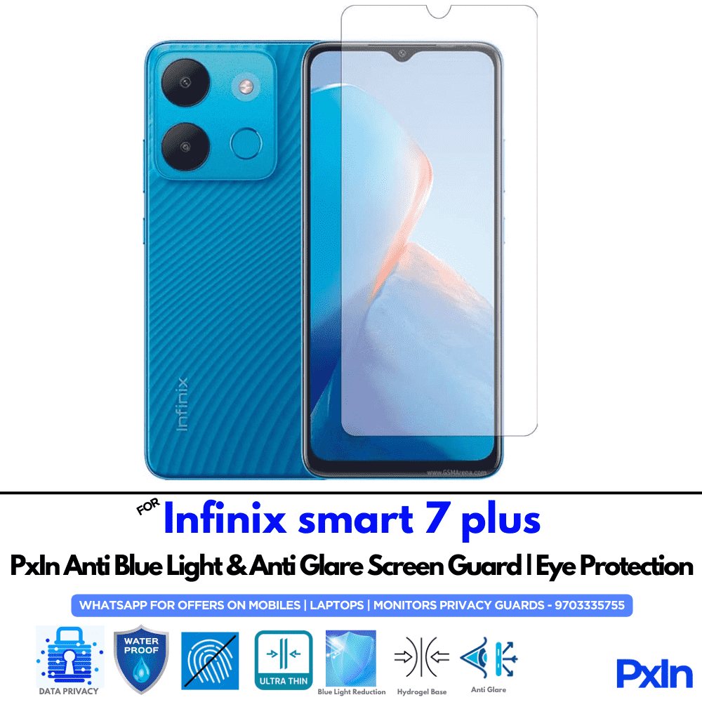 Shield your eyes with the Anti Blue Light & Anti Glare Screen Guard for Infinix smart 7 plus Mobile. Designed to reduce eye strain and glare with matte clarity. Hassle-free, bubble-free installation. Ideal for work, study, and gaming.
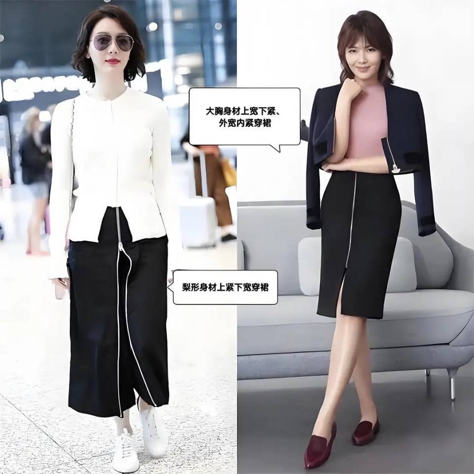 还要根据自己的身材比例,选择适合自己的穿搭方式,比如说大胸身材要选上宽下紧的搭配,比如刘涛这一件短外套,再搭配上粉色的修身针织上衣和一条高腰收腰款的黑色直筒半身裙,就能很好的展现出她比较凹凸有致的身材。
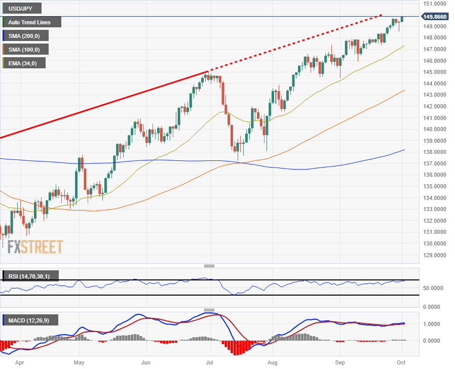 The USD/JPY is pinning into eleven-month highs just beneath the 150.00 major psychological handle, and Tuesday markets are rolling out of bed with the pair bidding near 149.85.
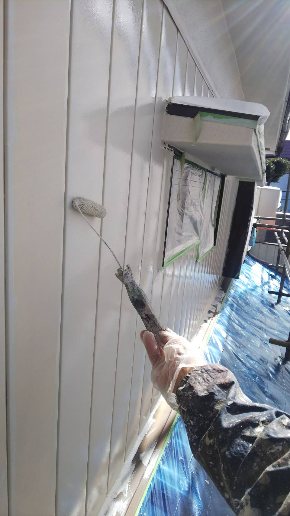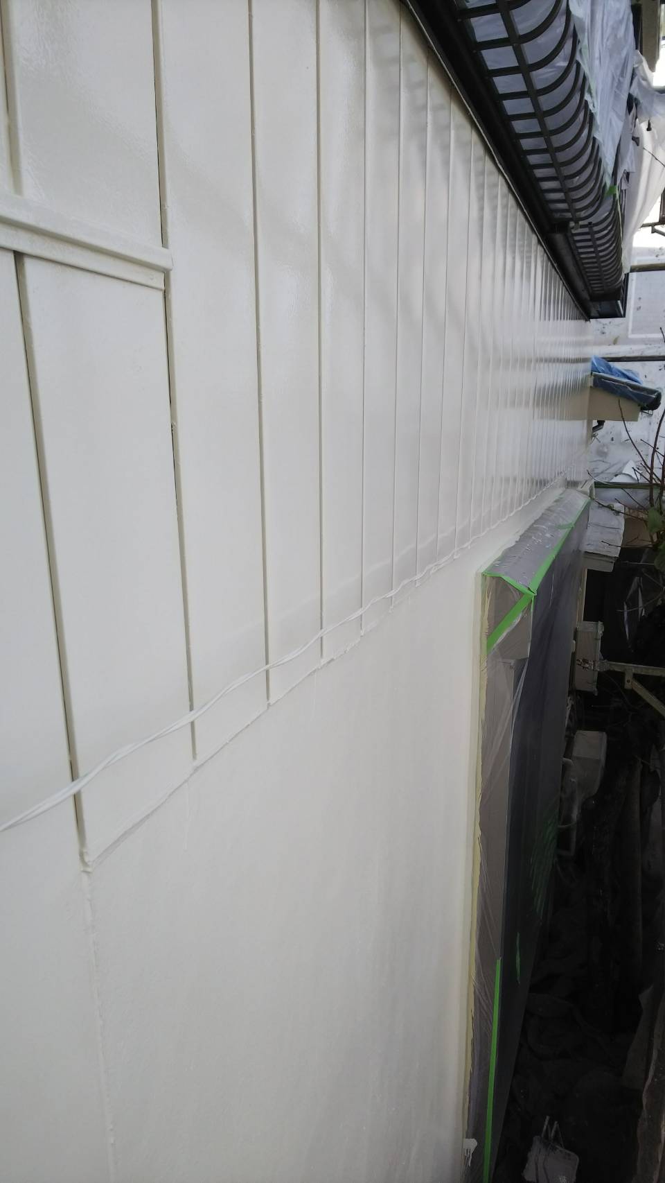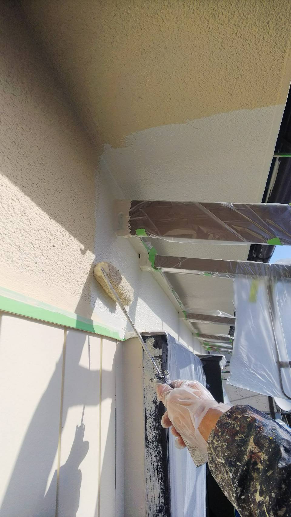 軒天、破風、小壁の中塗り及び上塗り塗装。
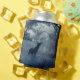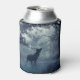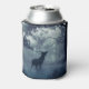 Can cooler with a photo of a regal deer with antlers standing in a shadowy forest among sunlit trees. Snow falling all around.
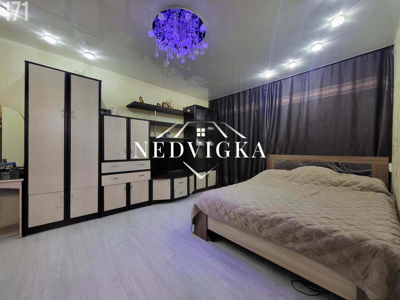- потолок натяжной, с точечным освещением по всему периметру
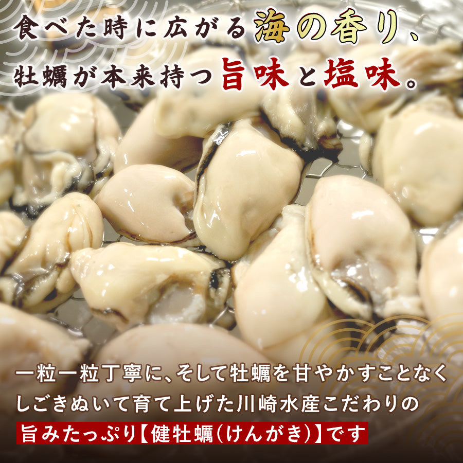 一粒一粒丁寧に、そして牡蠣を甘やかすことなくしごきぬいて育て上げた川崎水産こだわりの“旨みたっぷり【健牡蠣(けんかき)】”です。
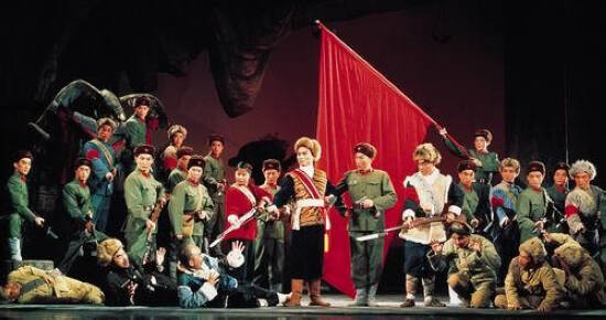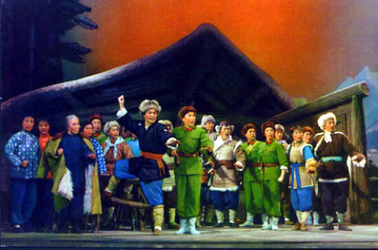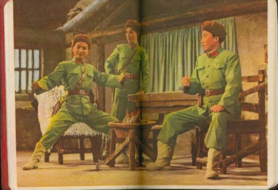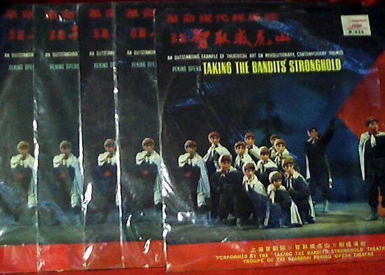 “样板”和“样板戏”之称,最初分别见于1965年3月16日,上海《解放日报》刊登的署名“本报评论员”者赞扬京剧《红灯记》的文章,以及1966年10月24日,《人民日报》刊登的两位上海工人赞扬京剧《智取威虎山》的文章。图为《智取威虎山》剧照。
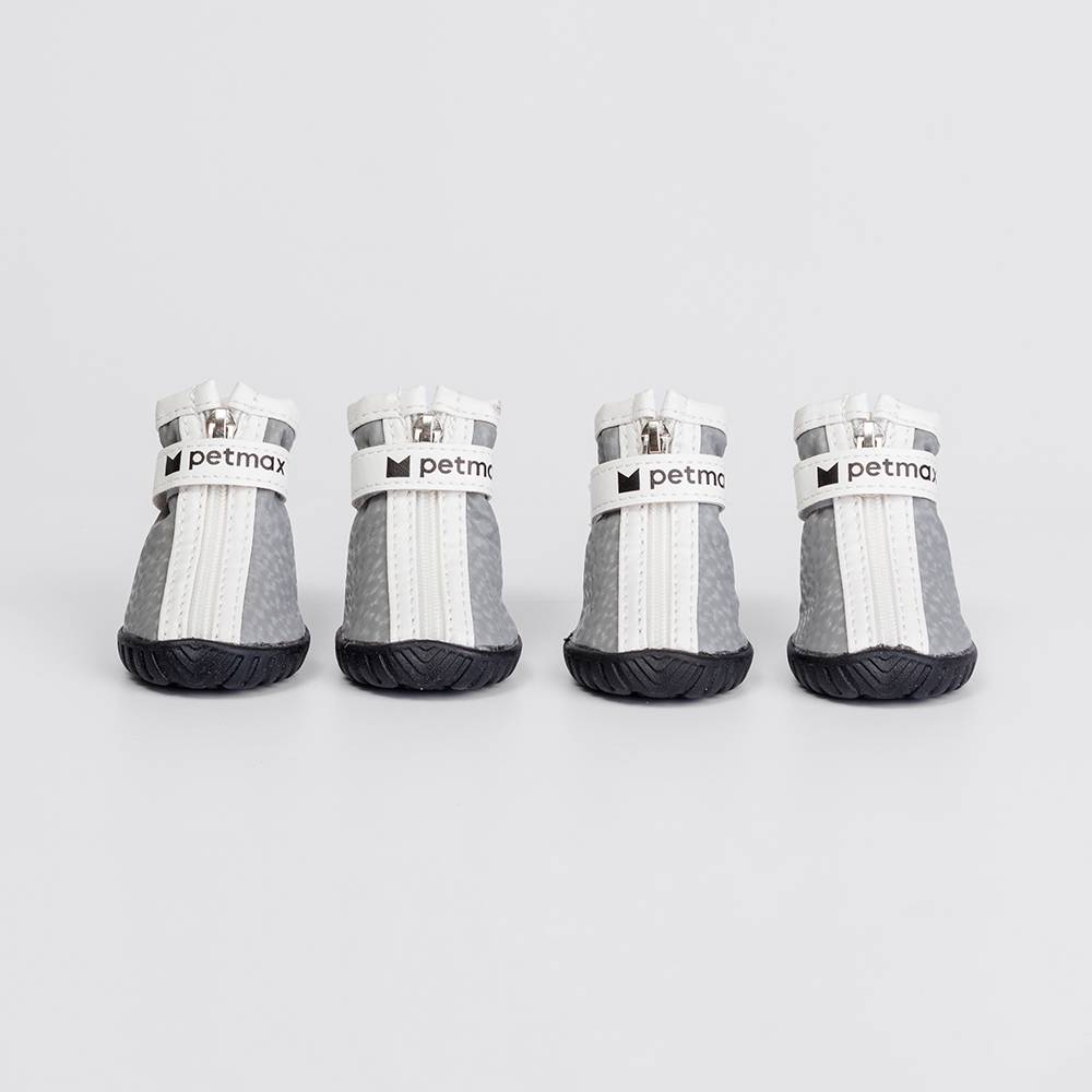 хорошо держатся на лапе, плотная подошва, молния спереди легко надевать.

EXERCISE PROMPT: For this answer, retype the lines from the start of the listing through the line that holds "The USD/JPY is", inclusive, exactly and without pictures.

RESULT OF THIS EXERCISE:
 Shield your eyes with the Anti Blue Light & Anti Glare Screen Guard for Infinix smart 7 plus Mobile. Designed to reduce eye strain and glare with matte clarity. Hassle-free, bubble-free installation. Ideal for work, study, and gaming.
 还要根据自己的身材比例,选择适合自己的穿搭方式,比如说大胸身材要选上宽下紧的搭配,比如刘涛这一件短外套,再搭配上粉色的修身针织上衣和一条高腰收腰款的黑色直筒半身裙,就能很好的展现出她比较凹凸有致的身材。
 The USD/JPY is pinning into eleven-month highs just beneath the 150.00 major psychological handle, and Tuesday markets are rolling out of bed with the pair bidding near 149.85.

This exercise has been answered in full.